His wild eyes scanned the room until they locked upon the dark booth. He had seen Sasha holding her telephone. He knew she was recording his every action.

Julian lunged forward, dragging Sasha from the booth by the lapels of her jacket. He shoved her roughly toward the center of the room.

"Keep recording," he barked at her.

Then, he pivoted back. He grabbed Isabella by the nape of her neck, jerking her flush against his chest before crashing his mouth down onto hers.

It was a violent, bruising kiss, an act of pure spite. Isabella eagerly wrapped her arms around his neck, leaning into the display.

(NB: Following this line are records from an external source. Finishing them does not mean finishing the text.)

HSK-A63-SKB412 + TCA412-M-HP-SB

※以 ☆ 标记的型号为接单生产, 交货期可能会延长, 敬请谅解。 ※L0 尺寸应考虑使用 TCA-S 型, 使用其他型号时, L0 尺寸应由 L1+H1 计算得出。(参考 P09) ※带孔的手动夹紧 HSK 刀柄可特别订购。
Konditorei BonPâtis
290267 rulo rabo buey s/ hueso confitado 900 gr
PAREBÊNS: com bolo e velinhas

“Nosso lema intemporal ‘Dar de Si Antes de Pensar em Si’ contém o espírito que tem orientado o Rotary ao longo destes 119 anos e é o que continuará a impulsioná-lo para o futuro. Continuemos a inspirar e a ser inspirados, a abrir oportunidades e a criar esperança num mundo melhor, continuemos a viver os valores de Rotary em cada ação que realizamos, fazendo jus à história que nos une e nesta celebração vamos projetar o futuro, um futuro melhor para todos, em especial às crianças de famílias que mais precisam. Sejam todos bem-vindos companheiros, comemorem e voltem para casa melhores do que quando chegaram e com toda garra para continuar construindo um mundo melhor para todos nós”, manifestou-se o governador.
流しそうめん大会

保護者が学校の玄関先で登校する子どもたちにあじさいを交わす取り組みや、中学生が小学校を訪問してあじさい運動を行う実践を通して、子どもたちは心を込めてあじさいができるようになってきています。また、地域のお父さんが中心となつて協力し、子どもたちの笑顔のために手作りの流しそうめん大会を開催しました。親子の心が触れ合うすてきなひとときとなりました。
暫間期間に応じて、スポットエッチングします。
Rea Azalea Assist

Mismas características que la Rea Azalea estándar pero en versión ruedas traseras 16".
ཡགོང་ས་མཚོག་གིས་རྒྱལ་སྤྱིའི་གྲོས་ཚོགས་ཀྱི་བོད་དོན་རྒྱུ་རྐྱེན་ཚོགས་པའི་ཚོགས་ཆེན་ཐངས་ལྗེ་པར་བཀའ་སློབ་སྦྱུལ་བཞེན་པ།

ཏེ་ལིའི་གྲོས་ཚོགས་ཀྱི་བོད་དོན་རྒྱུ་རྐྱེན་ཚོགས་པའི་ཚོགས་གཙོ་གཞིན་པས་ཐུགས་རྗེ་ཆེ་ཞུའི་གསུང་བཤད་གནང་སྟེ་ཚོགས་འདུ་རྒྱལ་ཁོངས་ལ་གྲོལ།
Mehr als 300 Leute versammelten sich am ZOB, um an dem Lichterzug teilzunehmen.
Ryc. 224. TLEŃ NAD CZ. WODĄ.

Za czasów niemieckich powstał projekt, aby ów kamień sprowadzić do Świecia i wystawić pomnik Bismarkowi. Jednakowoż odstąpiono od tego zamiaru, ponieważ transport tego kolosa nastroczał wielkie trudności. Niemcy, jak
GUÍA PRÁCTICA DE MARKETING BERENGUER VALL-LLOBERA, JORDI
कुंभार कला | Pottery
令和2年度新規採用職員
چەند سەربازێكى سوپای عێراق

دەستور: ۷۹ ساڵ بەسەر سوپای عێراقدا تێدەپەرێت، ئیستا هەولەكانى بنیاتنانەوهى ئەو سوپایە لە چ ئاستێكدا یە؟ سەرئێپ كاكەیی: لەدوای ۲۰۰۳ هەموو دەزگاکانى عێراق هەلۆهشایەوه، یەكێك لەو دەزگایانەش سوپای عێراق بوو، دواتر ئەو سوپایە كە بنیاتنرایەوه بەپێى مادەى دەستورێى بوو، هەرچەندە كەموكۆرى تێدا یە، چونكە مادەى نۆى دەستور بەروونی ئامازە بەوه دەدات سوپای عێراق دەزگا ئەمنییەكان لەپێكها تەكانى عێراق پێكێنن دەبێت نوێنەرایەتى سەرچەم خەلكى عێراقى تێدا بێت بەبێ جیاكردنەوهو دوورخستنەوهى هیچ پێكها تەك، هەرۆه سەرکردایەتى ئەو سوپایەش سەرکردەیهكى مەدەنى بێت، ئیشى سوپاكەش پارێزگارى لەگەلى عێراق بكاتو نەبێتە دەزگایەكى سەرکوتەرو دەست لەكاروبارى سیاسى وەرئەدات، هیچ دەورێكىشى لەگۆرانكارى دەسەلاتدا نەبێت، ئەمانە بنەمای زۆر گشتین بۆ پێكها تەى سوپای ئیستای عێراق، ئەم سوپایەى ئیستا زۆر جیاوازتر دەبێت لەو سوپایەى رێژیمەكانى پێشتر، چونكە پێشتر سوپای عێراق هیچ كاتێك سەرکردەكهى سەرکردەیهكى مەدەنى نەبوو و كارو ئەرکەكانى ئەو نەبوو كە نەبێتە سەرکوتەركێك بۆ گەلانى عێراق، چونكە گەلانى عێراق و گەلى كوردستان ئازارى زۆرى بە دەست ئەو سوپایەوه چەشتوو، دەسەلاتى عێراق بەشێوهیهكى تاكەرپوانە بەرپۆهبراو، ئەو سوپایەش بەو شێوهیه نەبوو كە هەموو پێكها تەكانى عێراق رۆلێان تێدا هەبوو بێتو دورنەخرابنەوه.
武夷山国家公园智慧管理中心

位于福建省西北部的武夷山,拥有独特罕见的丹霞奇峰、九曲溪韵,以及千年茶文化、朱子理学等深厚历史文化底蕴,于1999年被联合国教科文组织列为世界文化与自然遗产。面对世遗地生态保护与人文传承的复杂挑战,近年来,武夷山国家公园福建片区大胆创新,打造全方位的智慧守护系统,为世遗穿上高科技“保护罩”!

Around them, the Soldiers drew out their own telephones and began to record.

Julian did not stop. He devoured her mouth for what felt an agonizingly long time.

When he finally pulled back, he stared directly into the lens of Sasha's camera. A mocking, utterly cruel sneer curved his lips.

I sat on the edge of my mattress, watching the damning footage repeat itself. Beneath my ribs, it felt as though someone had packed a great mass of wet cotton, for each breath required a monumental effort and still left me wanting for air.

I shifted my gaze to the digital calendar glowing on the nightstand.

Today was the precise five-year anniversary of the day I had bled out on a filthy warehouse floor for the sole purpose of saving his life.

I stood, took hold of the zipper on my duffel bag, and pulled it shut. The sound was quiet, unremarkable-the closing of a zipper. But it carried the weight of a door locking forever.